Today we would like to correct the misleading and self-serving information that the automobile industry has been peddling to the public and to the Clinton administration. Some of misinformation was contained in full-page ads costing $50,000 that have been running this week in the Washington Post.
First, I’d like to say something about the industry’s campaign. They have corralled a number of non-profit groups to attend top level meetings or be listed in ads. The industry has tried to convey the impression most safety groups support their position. But virtually all of these groups receive funding from the auto industry. The consumer and safety groups you see here today are the ones who have been working on this issue for years and are completely independent of the auto industry.
The major issue the auto companies have raised is that there is a trade-off: a standard that results in air bag systems that save drivers and passengers from serious injuries and death in high-speed crashes could at the same time endanger children and small adults in such crashes. The crash test is the determining factor. Should the crash test be conducted at 30 miles per hour or at 25 miles per hour, as the industry wants? This is a vital question, because it will determine whether the automakers install advanced, sophisticated air bag technology or whether they stick with cheap, low-tech air bags that will be less protective in higher-speed crashes. (In 1984 GM told DOT it could meet a 25 mph with friendly interiors, and without air bags.)
As we have seen in issue after issue for decades now, the automakers have bobbed and weaved to avoid meeting a challenging air bag standard and to save costs. In this rulemaking, it’s the 25 mph crash test. If the 25 mph test is used, air bags could be produced that would not protect occupants in serious crashes.
I cannot overstate the importance of this decision. Lives are literally at stake. The DOT recently estimated that somewhere between 214 and 397 lives will be lost each year in a passenger fleet designed to meet a 25 mph test as opposed to a 30 mph test. We must have the safest standard possible. And we believe that only the 30 mph crash test will provide that.
The auto industry has not provided any data to back up its position.
Yet there is plenty of real world experience with 80 million vehicles made between 1987 and 1999 with air bags that meet a 30 mph test that have experienced 3 million inflations. If the automakers think vehicles meeting the 30 mph test are so dangerous, then they should immediately notify all owners and recall those cars. Yet, they have not done so.
In 1997, reacting to concerns about air bag deaths of children and small adults in low-speed crashes, automakers depowered air bags. The industry now claims air bags would have to be repowered to meet a 30 mph standard. Again, not true. Virtually all of the DOT crash tests of recent models with depowered air bags pass the 30 mph male unbelted crash test. And these vehicles do not yet contain the newer technologies available to meet the advanced air bag standard.

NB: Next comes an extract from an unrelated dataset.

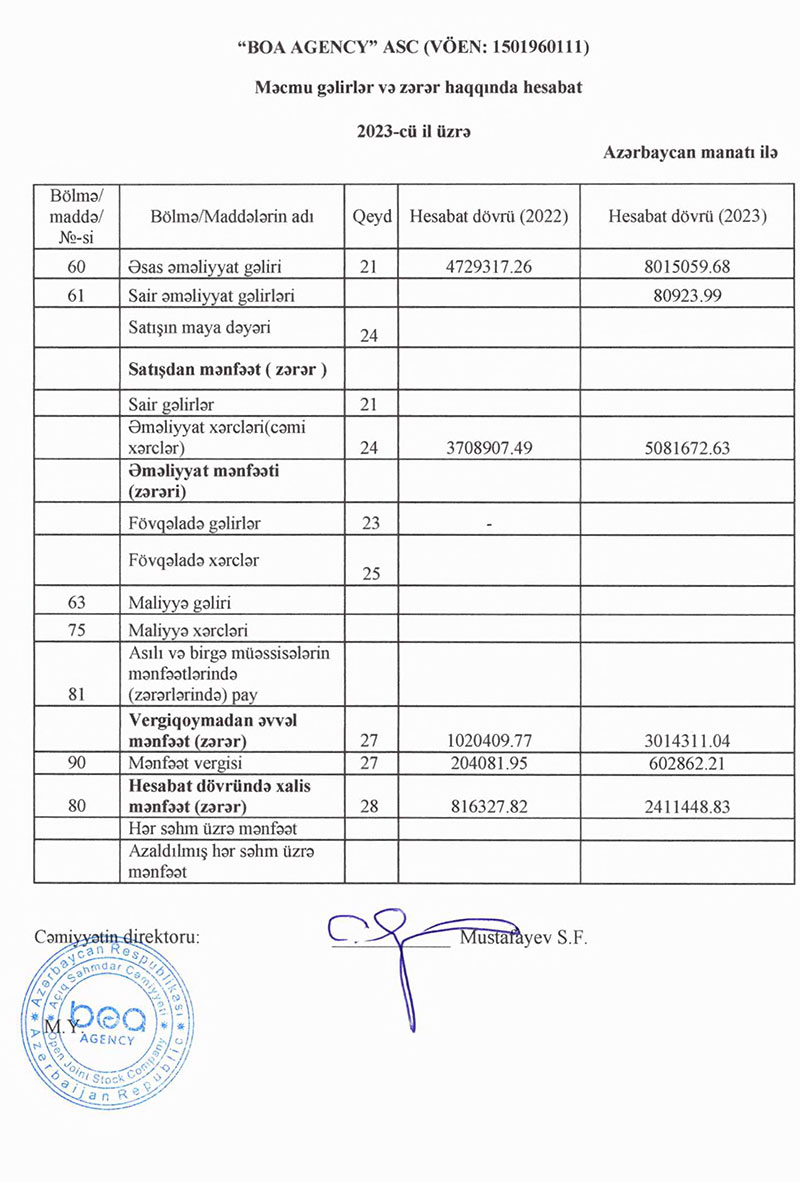 "BOA Agency" ASC-nin əsas əməliyyat gəlirləri 2022-ci ildə 4 milyon 729 min manat ikən, 2023-cü ildə 1,8 dəfə artaraq 8 milyon 15 min manat təşkil edib.

In addition, as DOT has emphasized, future compliance tests should be representative of real world crashes and now we have dramatically increased speeds. Over half of all fatalities occur in barrier equivalent crashes of 30 mph or above. This standard will not be revised again for years. And the industry has plenty of lead time under the rule.
There are numerous technologies available to manufacturers to protect smaller occupants in both low-speed and high-speed crashes without injury, such as dual-inflation air bags; inflation rates that are adjusted to the position of the occupant; pedal extenders for short drivers; deep dish steering columns, suppression, improved fold patterns, lighter fabrics and softer dashboard covers. And much more.
We have the technology to make safer air bag systems. Let’s not buy into the same old tired industry line. This time, let’s do it right.